[[ Dataset section, beginning ]]

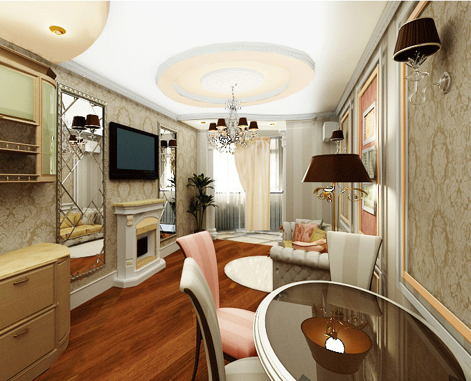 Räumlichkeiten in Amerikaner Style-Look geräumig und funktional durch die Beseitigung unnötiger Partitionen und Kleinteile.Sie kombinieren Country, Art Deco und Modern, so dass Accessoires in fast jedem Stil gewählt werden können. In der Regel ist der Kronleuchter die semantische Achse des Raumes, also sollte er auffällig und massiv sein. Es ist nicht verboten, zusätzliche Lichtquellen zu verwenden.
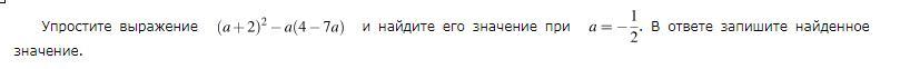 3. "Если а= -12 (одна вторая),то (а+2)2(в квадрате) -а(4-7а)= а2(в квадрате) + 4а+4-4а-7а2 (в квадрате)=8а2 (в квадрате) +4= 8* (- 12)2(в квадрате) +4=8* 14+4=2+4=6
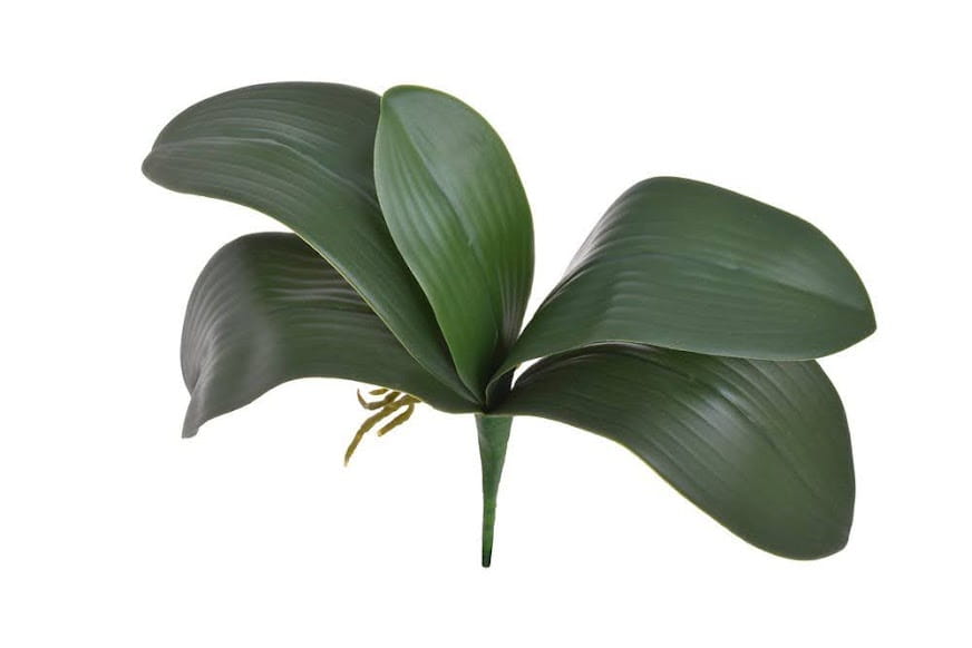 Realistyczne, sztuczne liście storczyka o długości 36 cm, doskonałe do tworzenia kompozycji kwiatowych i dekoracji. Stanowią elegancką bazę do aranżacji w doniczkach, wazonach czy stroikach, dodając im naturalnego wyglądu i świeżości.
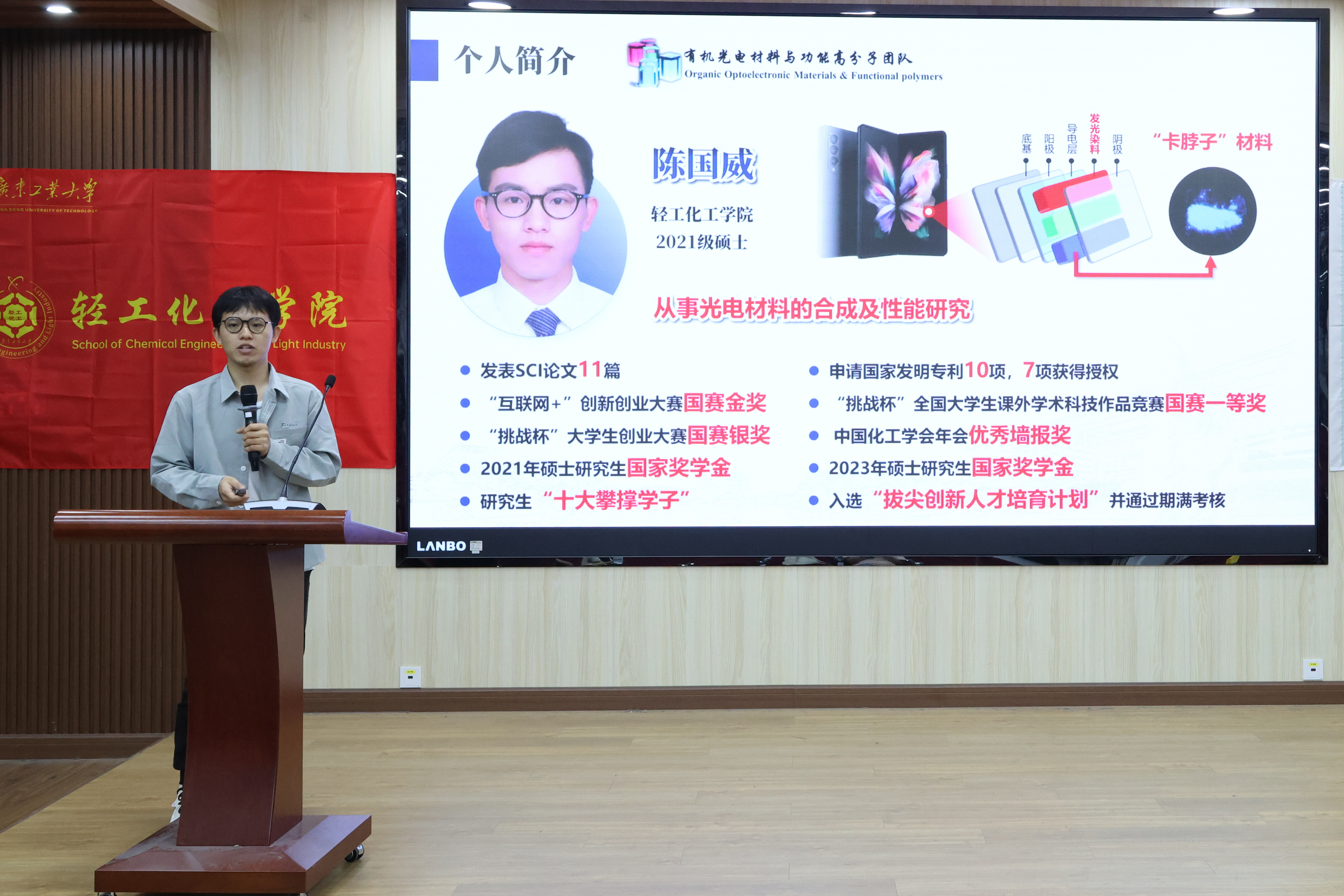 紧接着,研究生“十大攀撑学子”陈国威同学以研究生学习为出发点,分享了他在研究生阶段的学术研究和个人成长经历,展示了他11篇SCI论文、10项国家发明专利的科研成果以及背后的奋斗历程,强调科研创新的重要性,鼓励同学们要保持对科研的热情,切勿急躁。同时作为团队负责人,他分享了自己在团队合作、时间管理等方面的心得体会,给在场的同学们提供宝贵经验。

[[ Dataset section, end ]]

Required work: Leave the pictures out and print the whole listing precisely.

Response for this exercise:
 Räumlichkeiten in Amerikaner Style-Look geräumig und funktional durch die Beseitigung unnötiger Partitionen und Kleinteile.Sie kombinieren Country, Art Deco und Modern, so dass Accessoires in fast jedem Stil gewählt werden können. In der Regel ist der Kronleuchter die semantische Achse des Raumes, also sollte er auffällig und massiv sein. Es ist nicht verboten, zusätzliche Lichtquellen zu verwenden.
 3. "Если а= -12 (одна вторая),то (а+2)2(в квадрате) -а(4-7а)= а2(в квадрате) + 4а+4-4а-7а2 (в квадрате)=8а2 (в квадрате) +4= 8* (- 12)2(в квадрате) +4=8* 14+4=2+4=6
 Realistyczne, sztuczne liście storczyka o długości 36 cm, doskonałe do tworzenia kompozycji kwiatowych i dekoracji. Stanowią elegancką bazę do aranżacji w doniczkach, wazonach czy stroikach, dodając im naturalnego wyglądu i świeżości.
 紧接着,研究生“十大攀撑学子”陈国威同学以研究生学习为出发点,分享了他在研究生阶段的学术研究和个人成长经历,展示了他11篇SCI论文、10项国家发明专利的科研成果以及背后的奋斗历程,强调科研创新的重要性,鼓励同学们要保持对科研的热情,切勿急躁。同时作为团队负责人,他分享了自己在团队合作、时间管理等方面的心得体会,给在场的同学们提供宝贵经验。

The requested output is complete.